◆ **WHAT TO PRODUCE**
Give the lines again exactly as they appear below, from the line with "Start at the" to the line with "Bupati Mukomuko dan", both included, and only those lines. Leave every picture out.

◆ **AVAILABLE DATA**

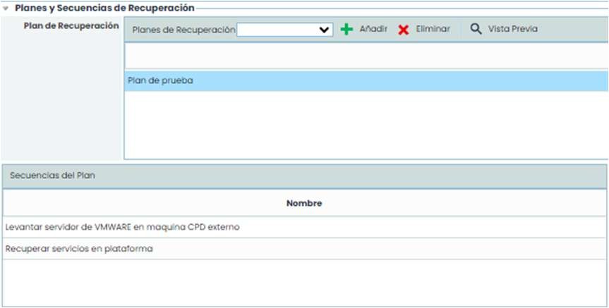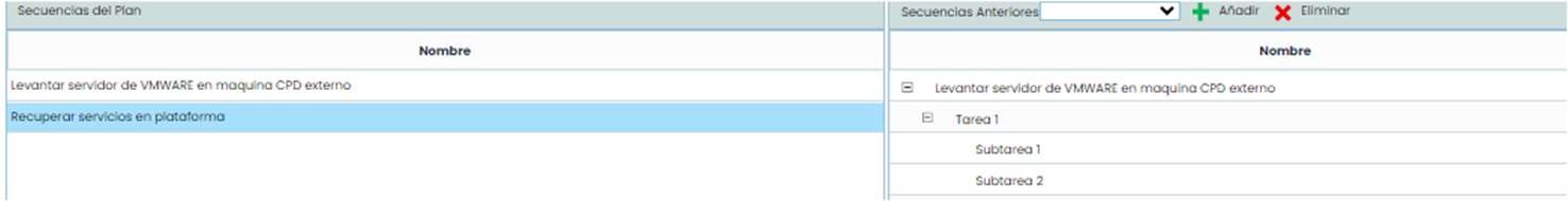 Al seleccionar el/los planes de recuperación aparecerán las secuencias de este con sus diferentes tareas, tal y como se ha configurado anteriormente en la opción de “Planes de Recuperación”. Para ver estas secuencias hay que pulsar sobre el Plan sobre el que se quieren ver las secuencias.
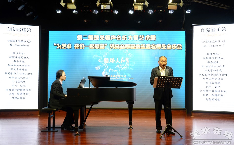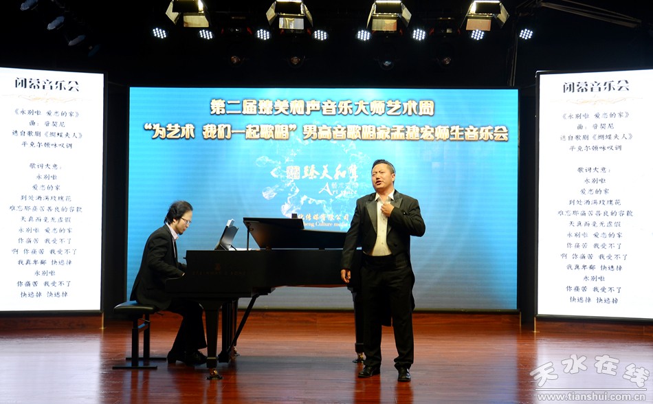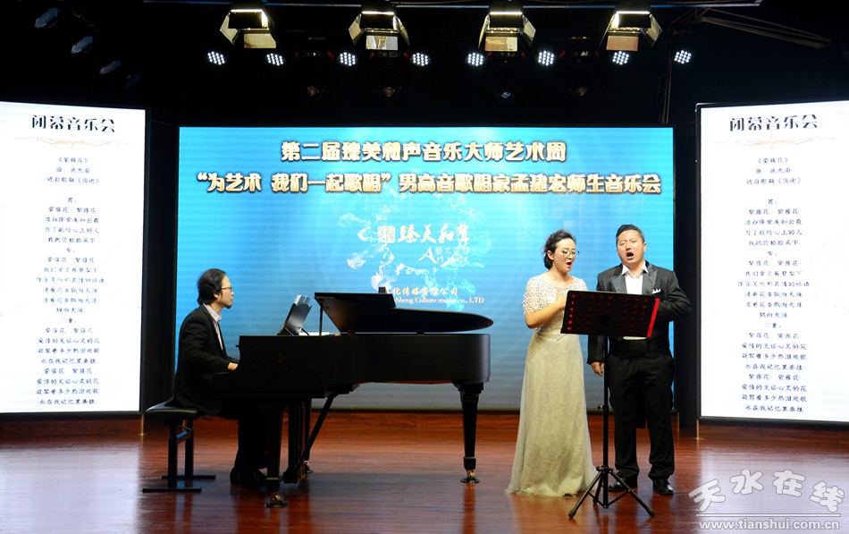 3月26日晚,第二屆臻美和聲音樂大師藝術(shù)周舉行“為藝術(shù),我們一起歌唱”男高音歌唱家孟建宏師生音樂會。天水市委宣傳部常務(wù)副部長王小熊及天水市音樂藝術(shù)院團(tuán)、學(xué)校和聲樂愛好者近200人共聚一堂,聆聽了孟建宏師生如同天籟的優(yōu)美歌聲。
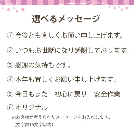 8.安全大会(ひまわり)/6.オリジナルメッセージ(16文字以内) 定価: 220円(税込) 価格: 140円(税込 154円) 30%OFF | あり |
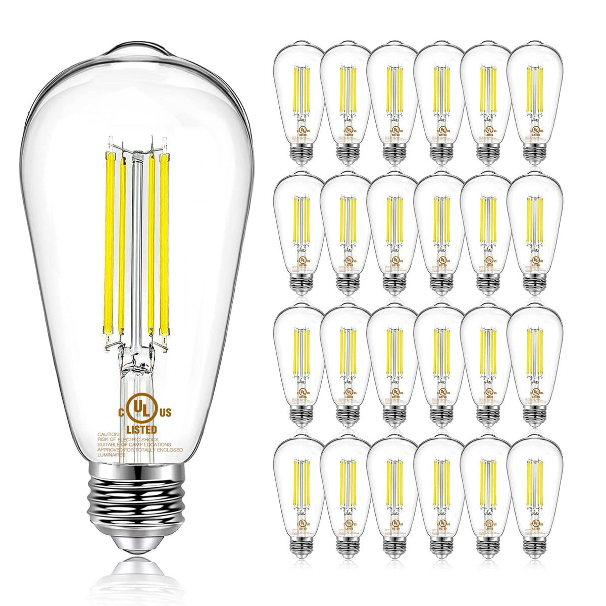 Daybetter 24 Pack Vintage Led Edison Bulbs, E26 Led Bulb 60W Equivalent, Dimmable Led Light Bulbs, High Brightness 800 Lm Daylight White 5000K, St58 Antique Filament Bulbs, Clear Glass Style For Home
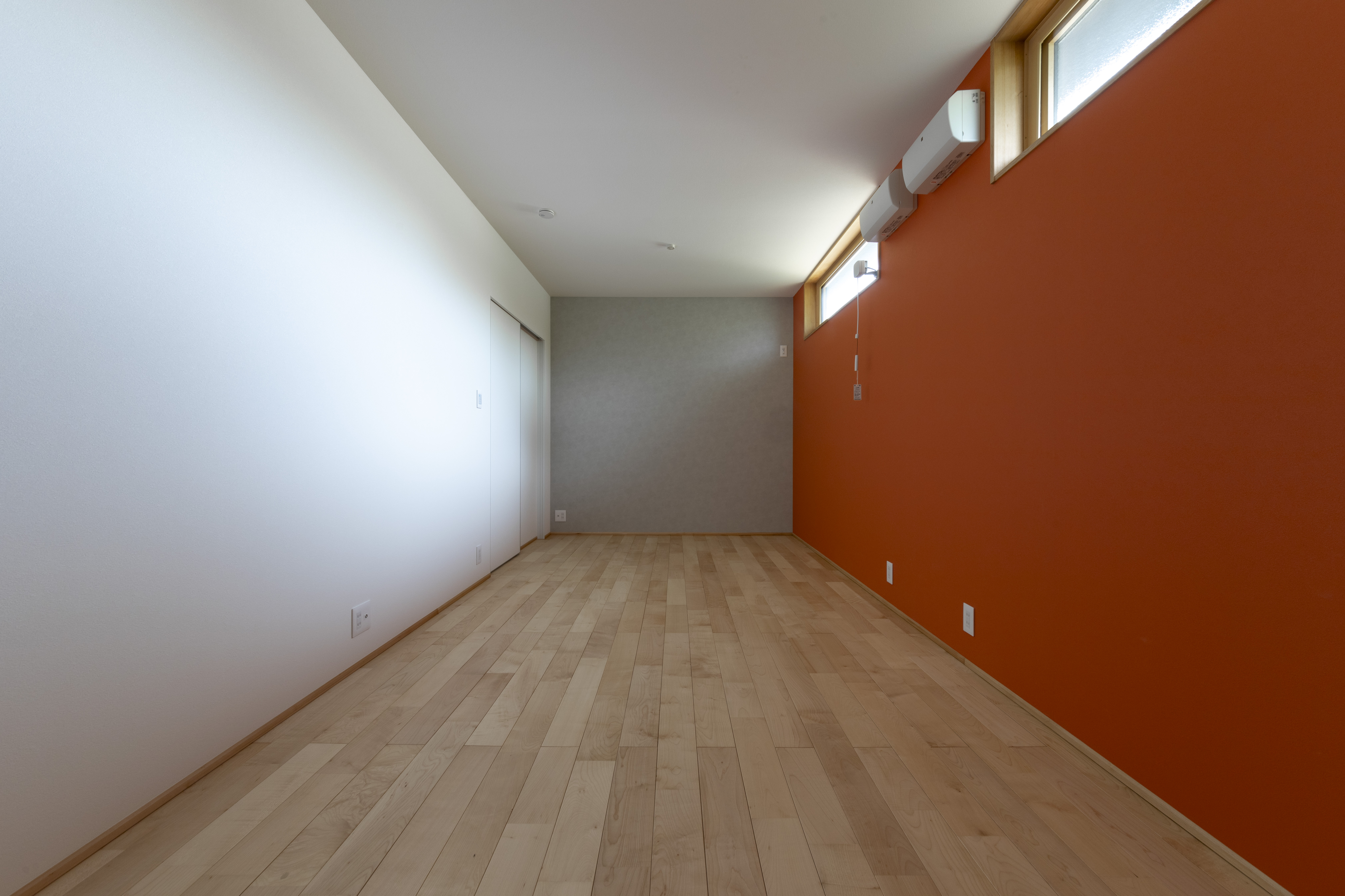 オレンジのアクセントクロスでエネルギーいっぱいの子供部屋に
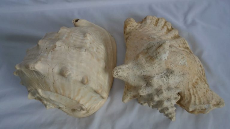 The shells are in their natural shape, unpolished, making them unique and rare collectable items for enthusiasts of shells, coral, and starfish. Their size and weight add an extra element of interest and a real focal point to any collection or display.
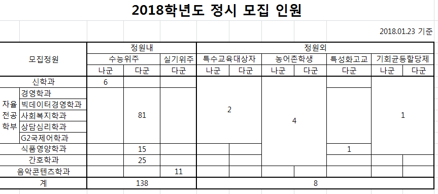 2018학년도 정시 신입생 모집인원 안내입니다. 2018학년도 수시 미충원인원으로 인해 정시 모집인원에 변동사항이 있어 공지합니다.
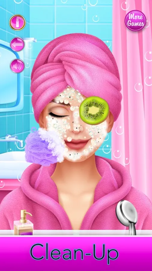 Start at the Spa! Help clean-up, wash the face and apply a face-mask! Then use the exfoliation tool and place fruits on the eyes to relax. Remove the old makeup, and wash up! Tweeze the long eyebrow hairs for a perfect loook! Let's go!
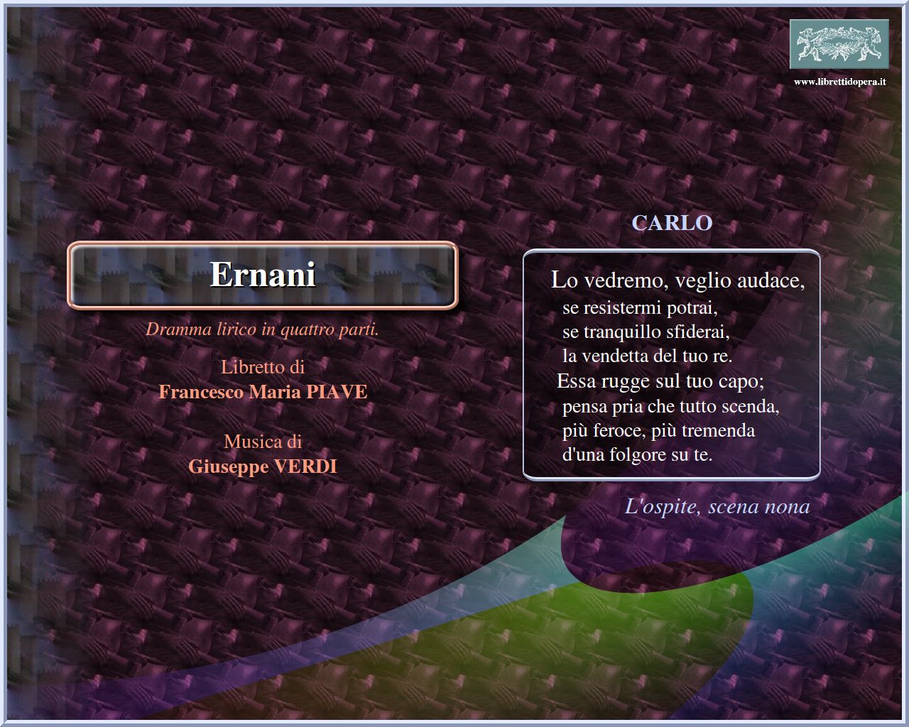 Allegri!... beviamo! Nel vino cerchiamo Lo vedremo, veglio audace Si ridesti il Leon di Castiglia Solingo, errante, misero
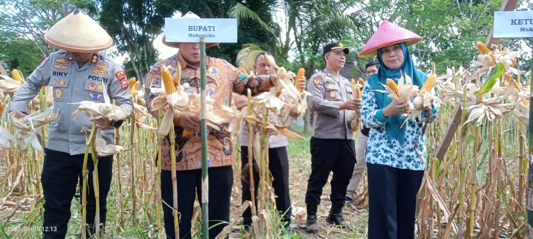 Bupati Mukomuko dan Polres Mukomuko bersama jajaran Polsek melaksanakan penanaman Panen Raya jagung serentak Kuartal II mendukung swasembadan Pangan tahun 2025.
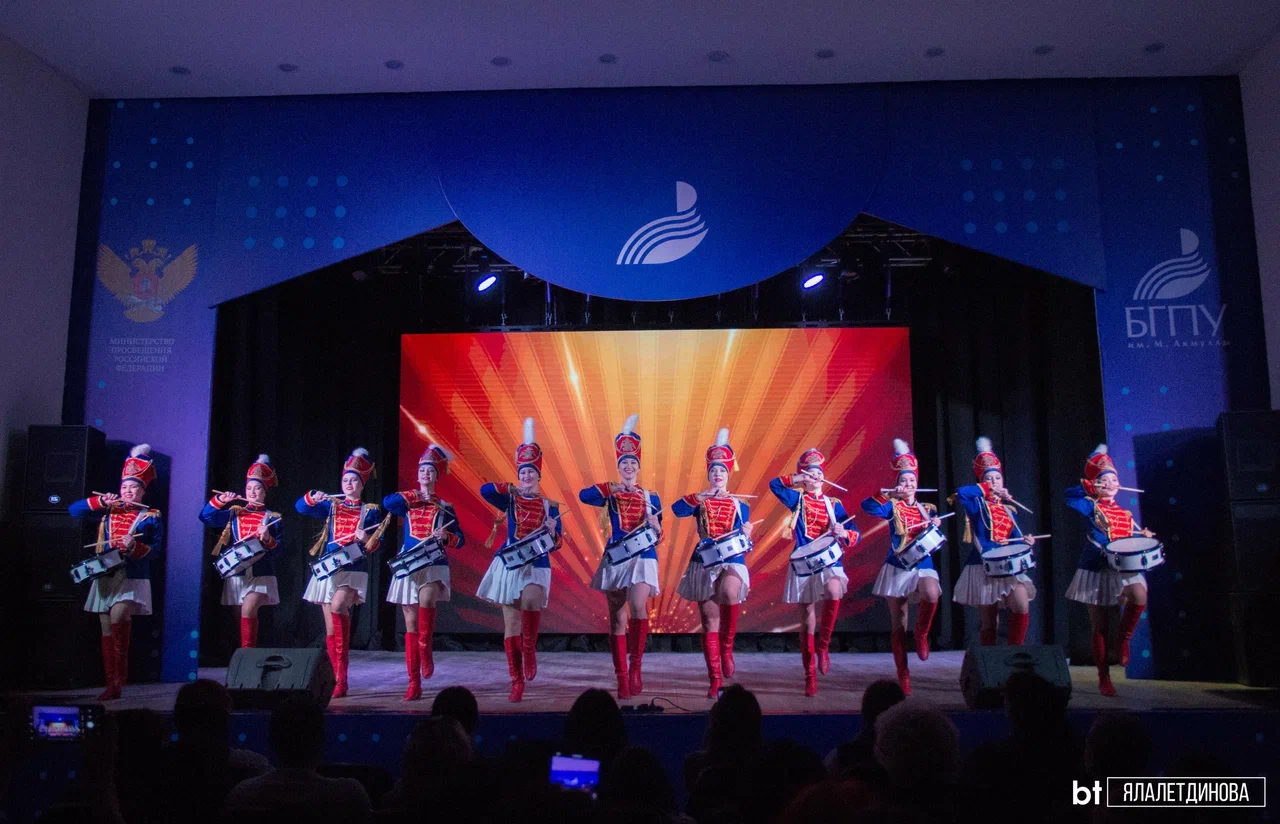 Участников торжественного мероприятия приветствовали заслуженный коллектив народного творчества Республики Башкортостан – группа  барабанщиц и мажореток «Держава» и студенческое танцевальное объединение «Движение».

◆ **ANSWER TO THIS EXERCISE**
 Start at the Spa! Help clean-up, wash the face and apply a face-mask! Then use the exfoliation tool and place fruits on the eyes to relax. Remove the old makeup, and wash up! Tweeze the long eyebrow hairs for a perfect loook! Let's go!
 Allegri!... beviamo! Nel vino cerchiamo Lo vedremo, veglio audace Si ridesti il Leon di Castiglia Solingo, errante, misero
 Bupati Mukomuko dan Polres Mukomuko bersama jajaran Polsek melaksanakan penanaman Panen Raya jagung serentak Kuartal II mendukung swasembadan Pangan tahun 2025.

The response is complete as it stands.